EU Market: EUAs slip as market awaits direction from ETS data release

Published 18:05 on March 29, 2016  /  Last updated at 18:05 on March 29, 2016  / Ben Garside /  EMEA, EU ETS

EU carbon prices fell slightly on Tuesday, the first session after the four-day Easter holiday, with analysts predicting a stable week ahead of Friday’s release of 2015 emissions data.

EU carbon prices fell slightly on Tuesday, the first session after the four-day Easter holiday, with analysts predicting a stable week ahead of Friday’s release of 2015 emissions data.

Front-year EU Allowance futures on ICE settled down 7 cents at €4.79, near the mid-point of the day’s tight trading range of €4.75-4.84.

Turnover was very modest at just over 6 million units, a total dwarfed by volume of 14.8 million on the normally less-liquid Dec-17 contract, all but 566,000 of which were block trades.

Prices remained within reach of the year-to-date low of €4.62 hit in February, but held above last week’s low of €4.70 despite a mixed auction result.

Prices nudged a few cents higher after the EU’s spot auction cleared at €4.75 at 0900 GMT, a cent above market, though bid coverage of 1.99 was below the year’s average of 2.21.

The energy complex gave little direction, with German clean dark spreads increasing slightly on weaker carbon while power and coal prices were little changed.

Analysts predicted a neutral week for EUAs and gave Friday’s emission data release only a marginal chance of having a price impact.

“We do not expect this event to deliver a price driving signal unless the actual number differs by more than 2 percentage points from the market’s expectation,” said Thomson Reuters Point Carbon analysts in a note to clients, adding that other market signals were seen providing little direction.

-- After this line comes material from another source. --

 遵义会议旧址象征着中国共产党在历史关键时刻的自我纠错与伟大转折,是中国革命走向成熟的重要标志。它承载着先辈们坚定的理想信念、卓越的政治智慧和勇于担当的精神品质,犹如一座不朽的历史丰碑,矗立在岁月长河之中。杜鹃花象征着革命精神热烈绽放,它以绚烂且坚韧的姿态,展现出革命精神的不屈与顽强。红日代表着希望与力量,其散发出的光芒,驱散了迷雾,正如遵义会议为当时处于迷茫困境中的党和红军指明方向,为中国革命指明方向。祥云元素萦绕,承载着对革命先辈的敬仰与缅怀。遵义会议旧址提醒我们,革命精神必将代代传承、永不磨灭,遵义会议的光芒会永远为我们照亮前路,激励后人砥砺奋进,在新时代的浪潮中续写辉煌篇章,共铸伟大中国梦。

A Carbon Pulse poll published earlier this month showed the average call from six analysts was for 2015 ETS emissions to rise by just 0.2% year-on-year.

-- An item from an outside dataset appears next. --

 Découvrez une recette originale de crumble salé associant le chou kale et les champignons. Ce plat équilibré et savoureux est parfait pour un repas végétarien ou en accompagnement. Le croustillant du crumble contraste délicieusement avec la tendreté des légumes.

“The market consensus expects a -1% to +1% change from 2014’s emissions. Anything out of this range might trigger additional trades,” said Bernadett Papp of brokers Vertis in a blog post.

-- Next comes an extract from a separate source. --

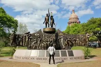 The Texas African American History Memorial is an outdoor monument commemorating the impact of African Americans in Texas, installed on the Texas State Capitol grounds in Austin, Texas, United States. The memorial was sculpted by Ed Dwight and erected by the Texas African American History Memorial Foundation in 2016. It describes African American history from the 1500s to present, and includes depictions of Hendrick Arnold and Barbara Jordan, as well as Juneteenth (June 19, 1865), when African Americans were emancipated.[1]

She pegged the market’s nearest support level at last week’s low, followed by the year’s bottom of €4.62. To the upside, she said nearest resistance was at the 20- and 30-day moving averages at €4.94 and €4.97 respectively.

Redshaw Advisors had a slightly bearish outlook, reflecting on carbon’s lack of recent gains despite relatively low supply from government auctions.

“The market’s inability to rise in a succession of low supply weeks at a time when there is demand from compliance year-enders continue to give us a neutral-to-bearish view,” they said in a note to clients.

Governments will sell 13.87 million spot EUAs over this four-day trading week, slightly up on last week’s 13.76 million. Next week, auction supply hits 17.25 million over five sessions.

Front-year EUA prices ended below the technical ‘pennant’ formation, which has been taking up some market attention in recent days, but without any sharp break-outs that can often accompany an exit from this pattern.

“It’s ‘as you were’ with the chart telling us nothing’s really going on unless we can either get below €4.62 or above €5.49. Yawn!” said Clive Lambert of technical analysts FuturesTechs.


After market close on Thursday, the Commission will update the status of 2016 allocation of free allowances.

This could have a bearing on prices as cash-strapped firms could opt to sell some of their quotas upon receiving them, although the previous update showed only Italy, Finland and Spain had yet to start the process.

On Friday at 1000 GMT, the Commission will open up installation-level 2015 verified emissions data on the European Union Transaction Log (EUTL) website.  The raw, preliminary data will also be published simultaneously in an Excel spreadsheet on the Union Registry page of the Commission’s website.

The data is published irrespective of irrespective of the amount of data submitted by scheme participants, but in recent years compliance has been high and the final data has only required minor adjustments to initial projections.